A 57-year-old woman is evaluated in the emergency department for an episode of hematemesis that occurred 1 hour ago. She had previously felt well except for a recent knee injury, for which she has been taking ibuprofen. She currently is experiencing lightheadedness and weakness. Medical history is otherwise unremarkable. She does not smoke or drink alcohol. She takes no other medications.
On physical examination, she appears ill and pale. Temperature is 36.5 °C (97.7 °F). Blood pressure and pulse rate in the supine position are 90/60 mm Hg and 105/min. When sitting, her blood pressure and pulse rate are 70/35 mm Hg and 128/min. Respiration rate is 14/min; BMI is 26. Mild diaphoresis is noted. Abdominal examination reveals no tenderness and no hepatosplenomegaly. No ecchymoses, rashes, or petechiae are noted.
Laboratory studies are pending and blood typing and cross-match are sent.
Which of the following is the most appropriate form of access for this patient?
A. Intraosseous catheter
B. Large-caliber peripheral intervenous catheter
C. Single-lumen peripherally inserted central venous catheter
D. Triple-lumen internal jugular venous catheter
MKSAP Answer and Critique
The correct answer is B. Large-caliber peripheral intervenous catheter.
Large-caliber peripheral intravenous (IV) access is the preferred route of access in this patient with a hemodynamically significant gastrointestinal bleed.
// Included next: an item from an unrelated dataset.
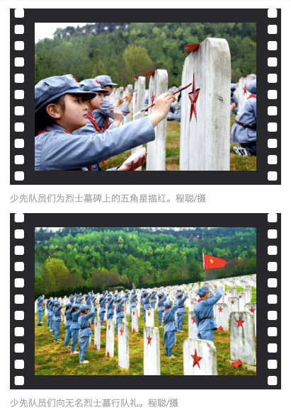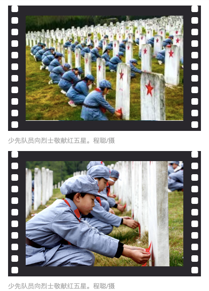 蒙蒙春雨中,面朝一座座洁白的烈士墓碑,少先队员们或半蹲着身子,或单膝跪着。在他们眼睛平视的前方,是墓碑上的五角星。

She requires emergent fluid resuscitation because of her bleeding and intravascular volume depletion. When large volumes of crystalloid fluid and blood are needed quickly, large-caliber, shorter catheters allow the highest flow rates to be achieved. Flow of fluid through a catheter is inversely proportional to catheter length and proportional to the radius of the catheter to the fourth power. Therefore, the highest flow rates may be achieved through shorter, large-bore catheters. Peripheral IV catheters are typically significantly shorter than either catheters used for central access or peripherally inserted central catheters. Peripheral IV catheters may also be significantly larger than most central catheters, allowing for increased fluid flow. For example, potential flow rates for a 14-gauge (1.73-mm inner diameter) catheter are approximately 3 times greater than an 18-gauge (0.95-mm inner diameter) catheter of equal length. For this reason, use of larger, shorter peripheral catheters is preferred for fluid resuscitation in patients requiring emergent treatment.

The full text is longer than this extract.